With regard to the amount of JGBs to be purchased, the bank will conduct purchases in a flexible manner so that their amount outstanding will increase at an annual pace of about 80 trillion yen.
The BoJ also determined by an unanimous vote to purchase ETFs and Japan real estate investment trusts (J-REITs) so that their amounts outstanding will increase at an annual paces of about 6 trillion yen and about 90 billion yen, respectively. With a view to lowering risk premia of asset prices in an appropriate manner, the bank may increase or decrease the amount of purchases depending on market conditions. As for CP and corporate bonds, the bank will maintain their amounts outstanding at about 2.2 trillion yen and about 3.2 trillion yen, respectively.

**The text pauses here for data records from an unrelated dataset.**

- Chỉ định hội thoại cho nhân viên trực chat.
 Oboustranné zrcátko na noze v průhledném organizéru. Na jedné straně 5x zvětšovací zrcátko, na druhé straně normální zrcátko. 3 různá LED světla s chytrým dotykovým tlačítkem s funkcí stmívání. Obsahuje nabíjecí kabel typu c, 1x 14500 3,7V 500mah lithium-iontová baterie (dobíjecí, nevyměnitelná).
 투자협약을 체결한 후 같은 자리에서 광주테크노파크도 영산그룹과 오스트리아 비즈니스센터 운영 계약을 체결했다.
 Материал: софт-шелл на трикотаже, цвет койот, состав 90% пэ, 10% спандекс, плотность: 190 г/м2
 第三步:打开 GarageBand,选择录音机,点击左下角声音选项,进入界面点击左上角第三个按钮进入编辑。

Excerpts from the Outlook for Economic Activity and Prices:
Japan's economy is likely to continue on an expanding trend through out the projection period -- that is, through fiscal 2021-- despite being affected by the slowdown in overseas economies for the time being. Although exports are projected to show some weakness, they are expected to be on a moderate increasing trend, with overseas economies growing moderately on the whole. Domestid demand also is likely to follow an uptrend, mainly against the background of highly accommodative financial conditions and the underpinnings through government spending, despite being affected such fastors as the scheduled consumption tax hike.

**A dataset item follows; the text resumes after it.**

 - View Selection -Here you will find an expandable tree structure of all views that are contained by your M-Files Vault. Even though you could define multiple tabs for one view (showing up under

The year-on-year rate of change in the consumer price index (CPI, all items less fresh food) has been positive but has continued to show relatively weak developments compared to the economic expansion and the labor market conditions. Medium-to-long-term inflation expectations have been more or less unchanged. Nonetheless, with the output gap remaining positive, firms; stance gradually will shift toward further raising wages and prices and households' tolerance of price rises will increase. In this situation, further price rises are likely to be observed widely and then medium-to long-term inflation expectations are projected to rise gradually. As a consequence, the year-on-year of change in the CPI is likely to increase gradually toward 2 percent.
With regard to the risks balance, risks to both economic activity and prices were skewed to the downside. particularly regarding developments in overseas economies. Risks to prices are skewed to the downside, mainly due to the downside risks to economic activity and uncertainties over developments in medium-to-long-term inflation expectations. The momentum toward achieving the price stability target of 2 percent is maintained but is not yet suffficiently firm, and thus developments in prices continue to warrant careful attention.